If the model is physically sound, $P(\text{Quark})$ should show structured correlations with these hidden variables (e.g., transitions in slope or density).

## Code Walkthrough

### 1. Analysis Orchestrator
The `run_advanced_analysis` function serves as the driver. It accepts the dictionary of trained models and the test dataset. It selectively runs diagnostics for Model 'Geo' (Mass-Radius only) and Model 'A' (Observables with Tidal Deformability).

```python
def run_advanced_analysis(df, models_dict, X_test, y_test):
    # ...
    # 1. Learning Curves
    plot_learning_curve(models_dict['Geo'], df, 'Geo', ...)
    
    # 2. Noise Robustness
    plot_noise_robustness(models_dict['A'], X_test, y_test)
    
    # 3. Physics Correlations
    # ...
    
    # 4. SHAP Analysis
    plot_shap_analysis(...)
```

### 2. Physical Correlation Plots
The function `plot_probability_kde` visualizes the relationship between the predicted probability of a star being a Quark star and its underlying physical properties.

*   **Logic:** It creates a Kernel Density Estimation (KDE) contour plot.
*   **Purpose:** To reveal if the model implicitly learns boundaries associated with the speed of sound limit ($c_s^2=1/3$) or the topological slope transition ($dR/dM=0$), even if those features were not explicit inputs.

### 3. Learning Curves
The `plot_learning_curve` function assesses overfitting and data saturation.

*   **Cross-Validation:** It uses `GroupKFold` to ensure that training and validation splits do not share points from the same EoS curve.
*   **Metric:** It plots training accuracy and cross-validation accuracy as the training set size increases. A converging gap indicates a well-generalized model.

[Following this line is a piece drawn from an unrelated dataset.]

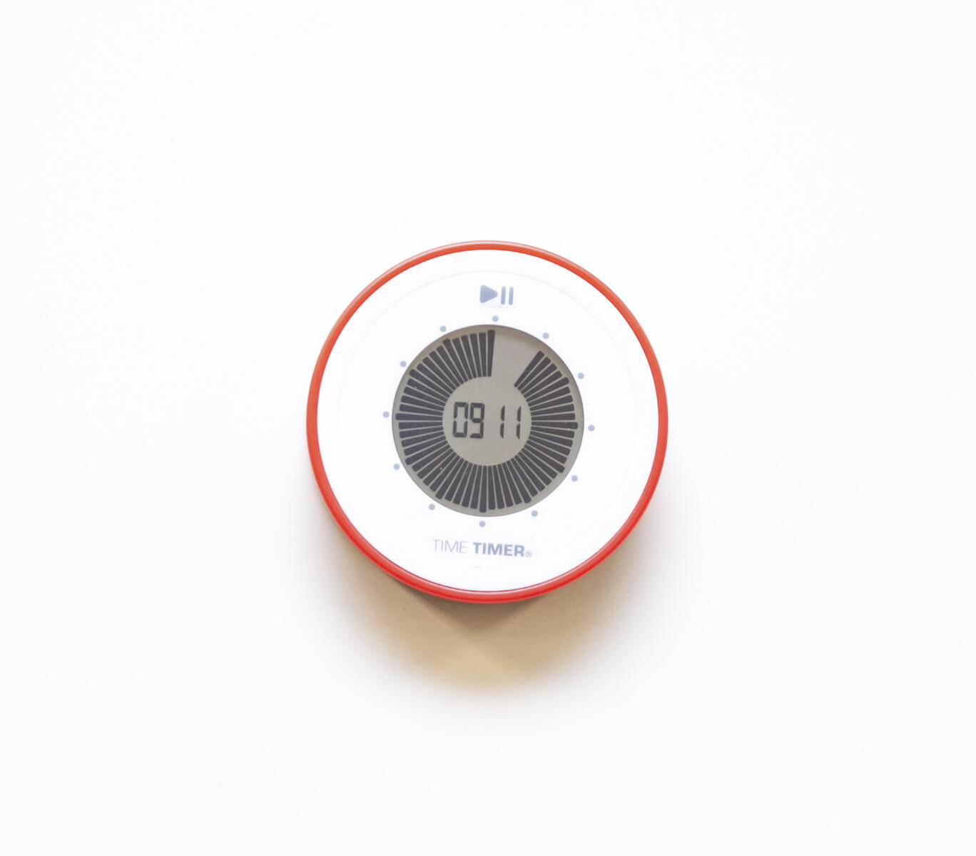En mycket smart och konkret klocka som tydligt visar hur lång tid man har på sig, eller hur lång tid det är kvar. Ställ in det röda fältet på önskad tid, t.ex. 30 min, det röda fältet minskar sedan i klockans riktning. Inställningsbar 0–60 min. Perfekt att använda i en mindre grupp, vid datorn, eller när man vill utföra olika uppgifter på viss tid. 1 st AA-batteri krävs, ingår ej. På/av-knapp för alarm på baksidan. Mått: 9x9 cm. Material: ABS, PC och PVC.

### 4. Noise Robustness Test
The `plot_noise_robustness` function simulates the degradation of Model A's performance under increasingly poor observational conditions.

```python
noise = np.random.normal(0, sigma, size=len(X_noisy))
X_noisy['Radius'] += noise
acc = model.score(X_noisy[required_cols], y_test)
```

This loop evaluates the model accuracy for noise levels $\sigma$ ranging from 0.0 to 2.0 km.

### 5. SHAP Analysis
The `plot_shap_analysis` function generates a "beeswarm" plot using the `shap` library (if available). This visualization shows:
*   **Feature Importance:** Which features (Mass, Radius, Lambda) drive the decision.
*   **Directionality:** Whether high or low values of a feature push the prediction toward "Quark" or "Hadronic".

## Visualization Output

This script generates four types of figures in the `plots/` directory:

1.  **`fig_ml_learning_curve_{model}.pdf`**: Shows the training and validation accuracy vs. the number of training samples.
2.  **`fig_ml_noise_robustness.pdf`**: A line plot showing how Model A's accuracy decays as radius noise increases. Reference lines for NICER errors ($\approx 0.5$ km) are included.
3.  **`fig_corr_{model}_{tag}.pdf`**: Contour maps showing the density of predictions. The x-axis represents a physical quantity (e.g., Log Tidal, Central Density), and the y-axis represents the predicted $P(\text{Quark})$.
4.  **`fig_ml_shap_beeswarm_{model}.pdf`**: A summary plot where each dot is a test sample. The x-position represents the SHAP value (impact on model output), and the color represents the feature value (Red=High, Blue=Low).